(Given data)

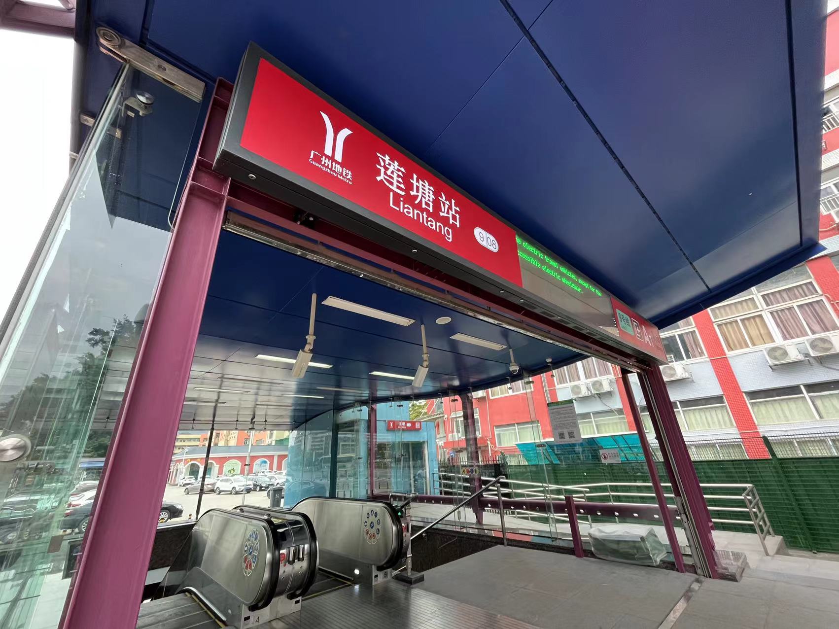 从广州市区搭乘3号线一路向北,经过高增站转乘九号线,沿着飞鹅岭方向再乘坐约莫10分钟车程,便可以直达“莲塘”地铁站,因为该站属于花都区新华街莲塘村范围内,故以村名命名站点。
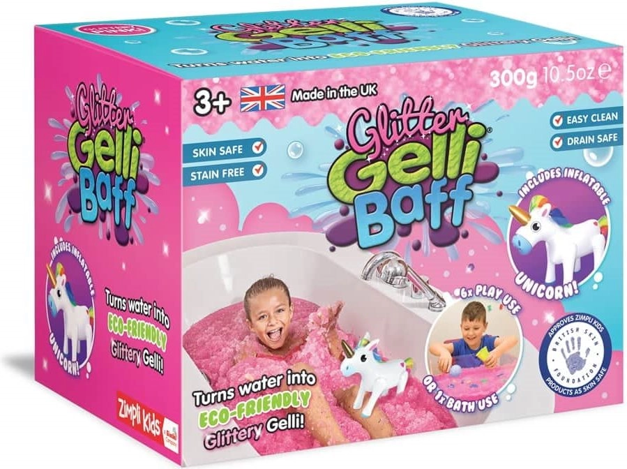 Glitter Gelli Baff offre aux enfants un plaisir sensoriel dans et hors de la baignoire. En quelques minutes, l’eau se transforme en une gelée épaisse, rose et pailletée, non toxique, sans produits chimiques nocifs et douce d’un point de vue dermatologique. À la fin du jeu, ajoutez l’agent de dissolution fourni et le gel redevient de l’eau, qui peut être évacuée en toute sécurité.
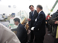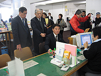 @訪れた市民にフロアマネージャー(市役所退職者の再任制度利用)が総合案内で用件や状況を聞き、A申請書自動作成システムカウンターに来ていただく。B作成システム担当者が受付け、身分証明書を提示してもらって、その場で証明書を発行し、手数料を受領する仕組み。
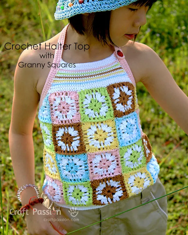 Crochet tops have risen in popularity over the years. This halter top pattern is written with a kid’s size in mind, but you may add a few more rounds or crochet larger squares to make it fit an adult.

(End Given data)

[Directions for this task]: Reproduce the data word for word without its images.

[Completed task]:
 从广州市区搭乘3号线一路向北,经过高增站转乘九号线,沿着飞鹅岭方向再乘坐约莫10分钟车程,便可以直达“莲塘”地铁站,因为该站属于花都区新华街莲塘村范围内,故以村名命名站点。
 Glitter Gelli Baff offre aux enfants un plaisir sensoriel dans et hors de la baignoire. En quelques minutes, l’eau se transforme en une gelée épaisse, rose et pailletée, non toxique, sans produits chimiques nocifs et douce d’un point de vue dermatologique. À la fin du jeu, ajoutez l’agent de dissolution fourni et le gel redevient de l’eau, qui peut être évacuée en toute sécurité.
 @訪れた市民にフロアマネージャー(市役所退職者の再任制度利用)が総合案内で用件や状況を聞き、A申請書自動作成システムカウンターに来ていただく。B作成システム担当者が受付け、身分証明書を提示してもらって、その場で証明書を発行し、手数料を受領する仕組み。
 Crochet tops have risen in popularity over the years. This halter top pattern is written with a kid’s size in mind, but you may add a few more rounds or crochet larger squares to make it fit an adult.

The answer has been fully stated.